Maar als de kop van de teek blijft zitten, dan kunnen zich daarin nog de speekselklieren bevinden, met mogelijk ziekteverwekkers. Er is dan dus nog steeds een potentieel risico op besmetting! Probeer het kopstuk daarom alsnog te verwijderen en als het niet lukt, raadpleeg dan een arts.
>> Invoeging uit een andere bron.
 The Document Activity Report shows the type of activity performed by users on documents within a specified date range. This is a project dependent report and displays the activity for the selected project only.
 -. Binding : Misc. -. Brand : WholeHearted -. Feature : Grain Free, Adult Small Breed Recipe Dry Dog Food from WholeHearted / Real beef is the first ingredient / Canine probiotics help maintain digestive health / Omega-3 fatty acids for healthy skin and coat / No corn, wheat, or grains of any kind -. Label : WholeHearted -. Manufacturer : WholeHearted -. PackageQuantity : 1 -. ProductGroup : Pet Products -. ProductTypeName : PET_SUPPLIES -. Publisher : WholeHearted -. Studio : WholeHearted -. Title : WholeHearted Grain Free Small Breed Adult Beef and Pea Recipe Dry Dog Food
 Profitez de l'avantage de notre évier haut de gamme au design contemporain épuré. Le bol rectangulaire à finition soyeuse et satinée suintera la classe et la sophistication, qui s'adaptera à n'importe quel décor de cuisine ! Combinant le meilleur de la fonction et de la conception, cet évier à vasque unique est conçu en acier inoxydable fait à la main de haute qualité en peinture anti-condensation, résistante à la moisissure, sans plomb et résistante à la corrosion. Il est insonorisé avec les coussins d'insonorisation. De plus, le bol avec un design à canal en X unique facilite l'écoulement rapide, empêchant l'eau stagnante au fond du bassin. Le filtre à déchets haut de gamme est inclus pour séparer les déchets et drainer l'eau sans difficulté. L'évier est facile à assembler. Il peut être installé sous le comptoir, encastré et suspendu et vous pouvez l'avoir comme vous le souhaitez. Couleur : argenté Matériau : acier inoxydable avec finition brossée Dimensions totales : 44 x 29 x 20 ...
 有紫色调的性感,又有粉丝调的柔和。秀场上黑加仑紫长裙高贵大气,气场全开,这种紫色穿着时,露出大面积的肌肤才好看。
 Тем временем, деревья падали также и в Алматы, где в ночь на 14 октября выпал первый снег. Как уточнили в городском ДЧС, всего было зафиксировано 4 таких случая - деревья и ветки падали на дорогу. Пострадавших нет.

*Wat te doen met verwijderde teken?*
Ga de teek niet pletten, dit geeft het risico dat ziekteverwekkers uit de teek vrij komen. Spoel teken ook niet door de wc. Als je de teek wilt testen op de aanwezigheid van Borrelia of andere mogelijke ziekteverwekkers, bewaar de teek dan in een afsluitend doosje/kokertje o.i.d. Als je een teek weg wil gooien, gooi dan het (met plakband goed afgesloten) doosje/kokertje buitenshuis bij het vuilnis. Je kan de teek ook tussen dubbelgevouwen plakband doen en dit weggooien. Met plakband kan je ook teken verwijderen die op de huid of op kleding lopen, en het niet goed lukt om de teek met een vinger of een klein voorwerp weg te tikken.
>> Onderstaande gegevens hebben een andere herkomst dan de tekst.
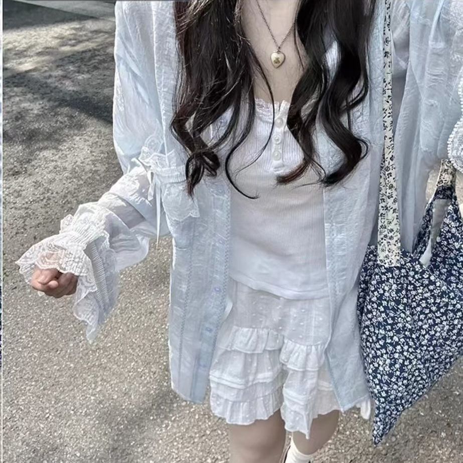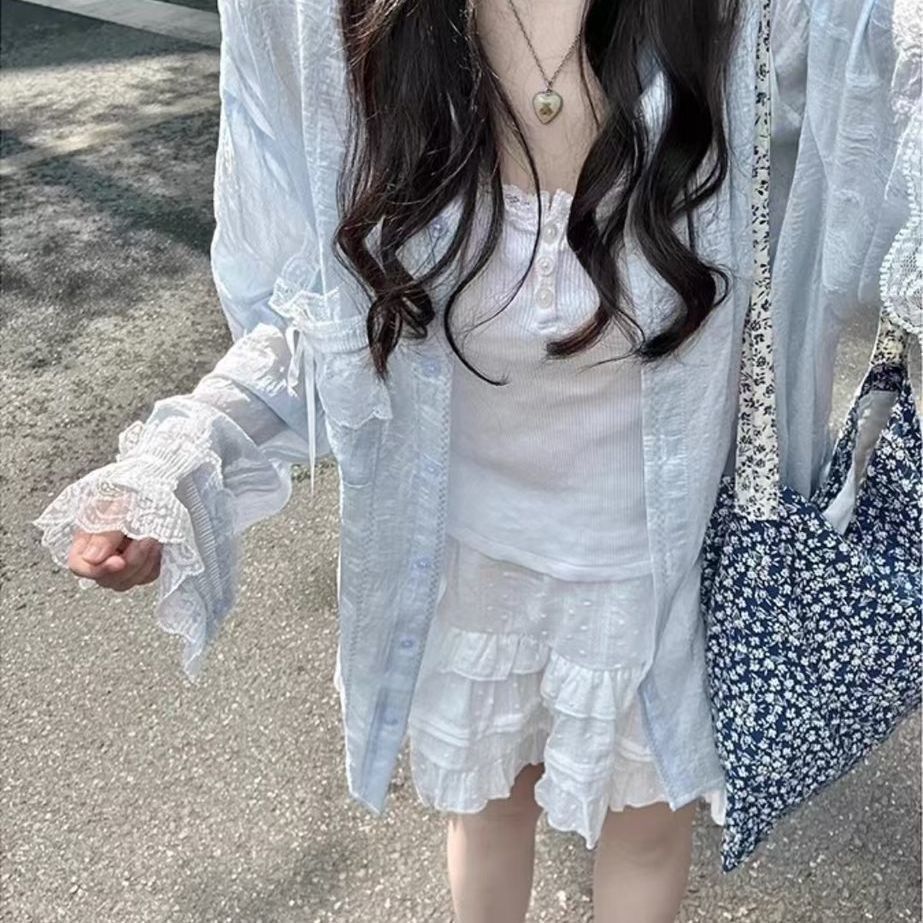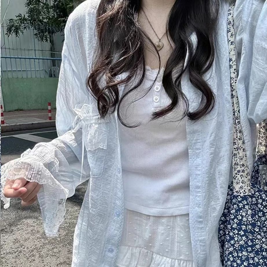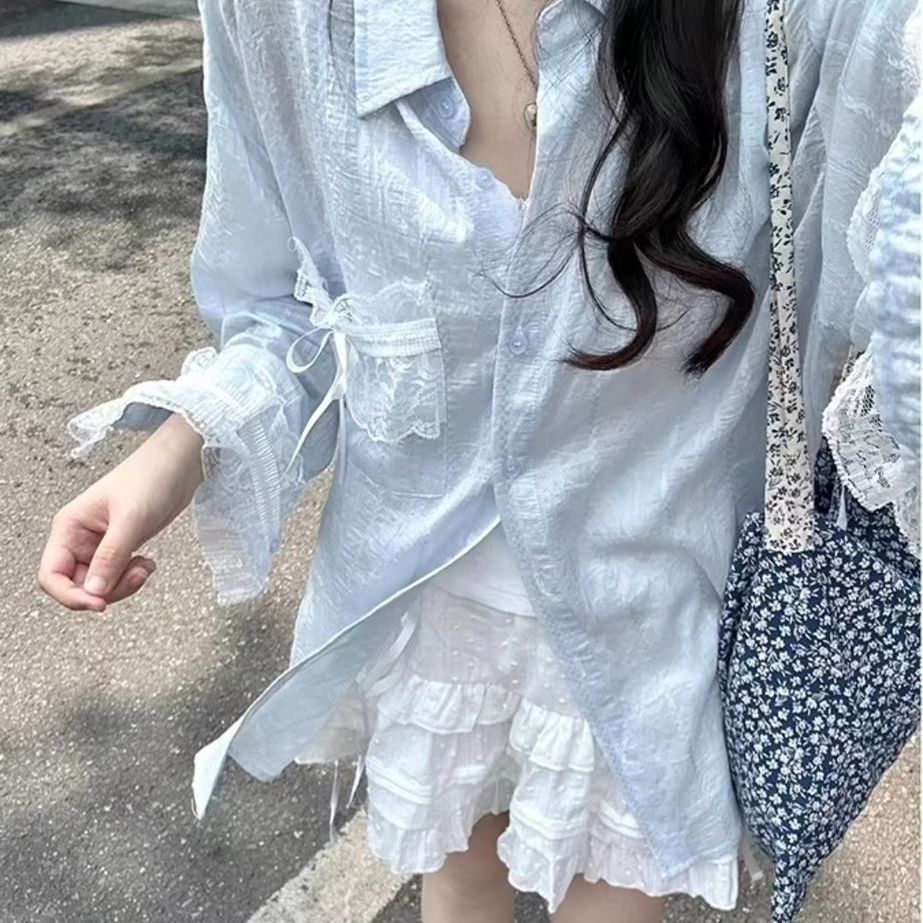 2025 кружевной дизайн с вставками, синяя рубашка с защитой от солнца, женская летняя тонкая рубашка из ледяного шелка, свободная куртка-рубашка
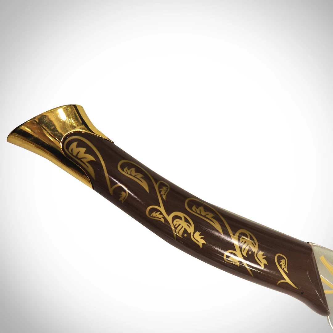 Pay homage to Lord of the Rings with this iconic Hadhafang sword. This offering is an accurately detailed prop and a tribute to the Hadhafang sword first used in the award winning movie Lord of the Rings, by the iconic character Arwen. Hadhafang was a sword once belonging to the Elven princess Idril who wed a mortal Man (Tuor) and bore Eärendil, the father of Elrond, who in turn was father to Arwen. Hadhafang was wielded by Elrond during the battle between the Last Alliance of Elves and Men and the forces of the Dark Lord Sauron on the slopes of Mount Doom. The blade is inscribed with Tengwar runes in Sindarin that say “Aen estar Hadhafang i chathol hen, thand arod dan i thang an i arwen.”, which translates to “This blade is called Hadhafang, a noble defense against the enemy throng for a noble lady.” Forged by hand out of stainless steel, and measuring 38 inches, it is beautifully decorated with an artistic wooden handle and golden pommel.
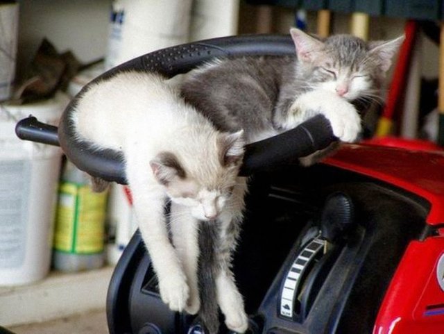 De lente lonkt en ik lig al klaar op het stuur van de tuinmaaimachine ... Ook Mimi wil erbij zijn , maar er is geen plaats genoeg en haar kopje , pootjes en staartje hangen naar beneden . Geduldig wachten we op het ideale moment om ons territorium super netjes te maken . Het motortje zal weer onze oortjes strelen en onze oogjes de kost geven !
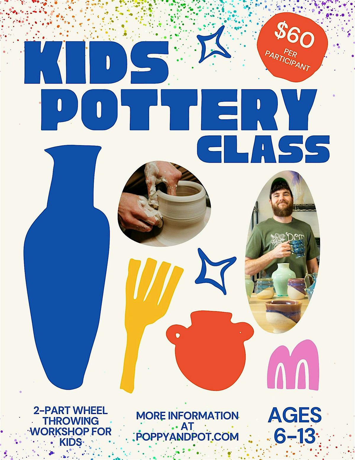 Poppy + Pot’s Lead Potter, Kevin Reichenberg, has created a child friendly approach to making pottery on the wheel. This is a two-part workshop! You’ll bring your child for part-one where they'll make a bowl on the wheel and then return on a later date to glaze their piece. At the end of this workshop, each student will have made their very own piece of art that makes the perfect gift!
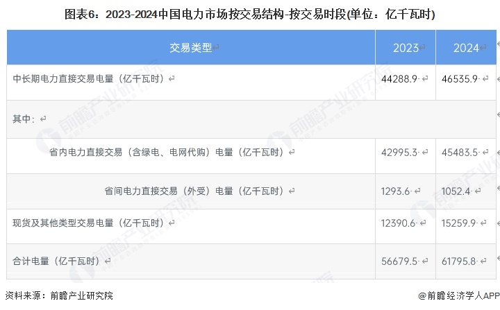2024年,全国电力市场中长期电力直接交易电量合计为46535.9亿千瓦时,同比增长5.1%,其中,省内电力直接交易(含绿电、电网代购)电量合计为45483.5亿千瓦时,省间电力直接交易(外受)电量合计为1052.4亿千瓦时。
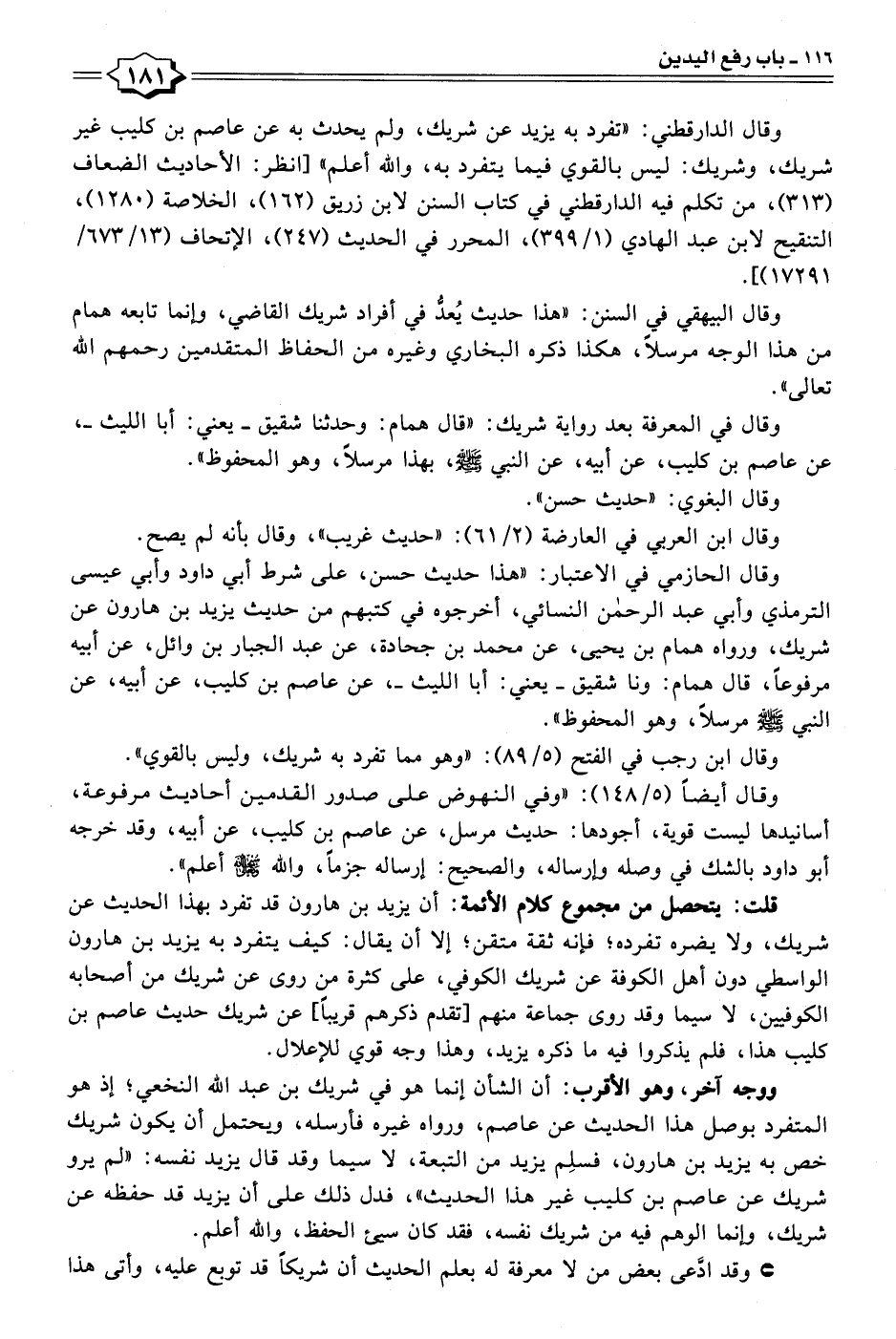 قلت: يتحصل من مجموع كلام الأئمة: أن يزيد بن هارون قد تفرد بهذا الحديث عن شريك، ولا يضره تفرده؛ فإنه ثقة متقن؛ إلا أن يقال: كيف يتفرد به يزيد بن هارون الواسطي دون أهل الكوفة عن شريك الكوفي، على كثرة من روى عن شريك من أصحابه الكوفيين، لا سيما وقد روى جماعة منهم [تقدم ذكرهم قريبًا]، عن شريك حديث عاصم بن كليب هذا، فلم يذكروا فيه ما ذكره يزيد، وهذا وجه قوي للإعلال.

*Documenteer de tekenbeet*
Noteer de naam van de persoon die is gebeten, de datum van verwijderen, de plaats op het lichaam, geschatte duur dat de teek in de huid zat, en hoe de teek was verwijderd. Houd de huid op de plaats van de tekenbeet in de gaten voor het verschijnen van een erythema migrans of andere huiduitslagen.
Het is niet gebruikelijk om preventief antibiotica te geven, maar er zijn wel artsen die dat doen. Het hangt ook af van factoren als de duur dat de teek vastzat, of deze goed verwijderd is, of er meerdere tekenbeten waren, en of de teek getest is en is aangetoond dat de teek geïnfecteerd is met Borrelia of andere ziekteverwekkers.

*Symptomen;*
*Diversiteit van symptomen*
Bij een infectie met de Borrelia-bacterie kan op de plaats van de tekenbeet dagen tot weken erna een rode plek ontstaan, die geleidelijk groter wordt en vaak centraal verbleekt, zodat een ring ontstaat. Deze huidaandoening noemt men een erythema migrans (EM). De EM ziet er niet altijd hetzelfde uit. Zie verder de pagina met informatie over de erythema migrans.
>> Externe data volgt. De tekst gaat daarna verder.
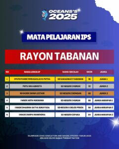 Kami Ucapkan Selamat dan Sukses kepada Juara Tingkat Rayon Olimpiade Civic Education and Social Studies Jenjang SD/MI Mata Pelajaran IPS Tahun 2025. Persiapkan diri lebih matang untuk menghadapi babak tingkat Provinsi seluruh Indonesia.
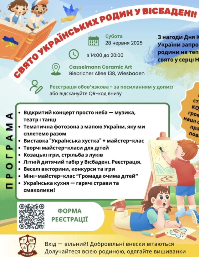 28 червня 2025 року до Дня Конституції України запрошуємо на Свято українських родин у столиці землі Hessen - Вісбаден!! Ми продовжуємо традицію дружніх Родинних свят Єдності, розпочату минулого року. 🎉
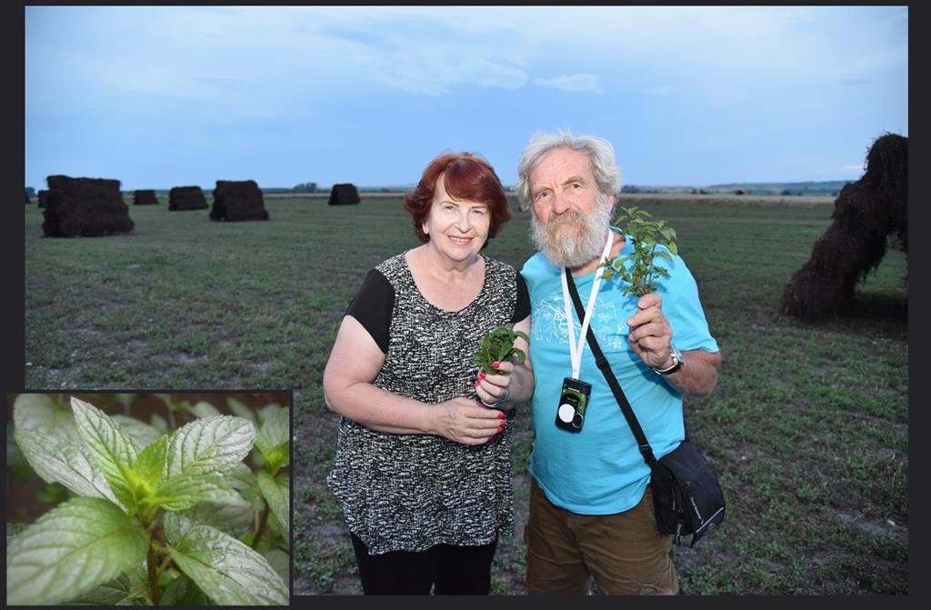 Pachnące miętą michałowskie pola w sierpniu 2020 r. podziwiali państwo Gabriela i Aleksander Doba♂  podczas  wizyty na Ponidziu. / fot. Jarosław kruk infoBusko.pl | Gałązka mięty pieprzowej / źródło: Wikipedia
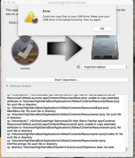 2. After getting the Patcher created and booting into this, the High Sierra Installer would fail with an error message saying "No packages were eligible for install. Contact the software manufacturer for assistance."
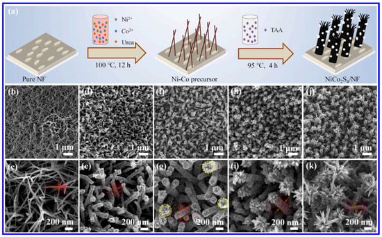 (a) Schematics of the hydrothermal synthesis of NiCo2S4 on NF; the SEM images of various NiCo2S4-coated NF after hydrothermal treatment of different time intervals: (b,c) Ni-Co precursor (after first hydrothermal treatment); (d,e) NiCoS-2 (after second hydrothermal reaction time of 2 h); (f,g) NiCoS-3 (after second hydrothermal reaction time of 3 h); (h,i) NiCoS-4 (after second hydrothermal reaction time of 4 h); (j,k) NiCoS-5 (after second hydrothermal reaction time of 5 h) [50].

Let op! Niet iedereen die besmet raakt, krijgt een EM.
Verder kan men enige tijd na de tekenbeet griepachtige klachten krijgen, zoals hoofdpijn, stijve nek, koorts, spierpijnen en vermoeidheid. Deze klachten kunnen weer verdwijnen. Als de Lyme-bacterie zich door het lichaam verspreid (dissemineert), kunnen diverse symptomen ontstaan.
De ziekte van Lyme is een multi-systeem ziekte. Het kan leiden tot o.a. neurologische (zenuwstelsel/hersenen), dermatologische (huid), reumatologische (spieren en gewrichten), cardiologische (hart), opthalmologische (ogen) en psychiatrische klachten.

*Lyme Stadia*
Vaak wordt de ziekte van Lyme in 3 stadia ingedeeld, met per stadium specifieke symptomen. Deze indeling moet worden gezien als een model, waarvan de werkelijkheid vaak afwijkt. Per persoon kan de ziekte namelijk heel verschillend verlopen.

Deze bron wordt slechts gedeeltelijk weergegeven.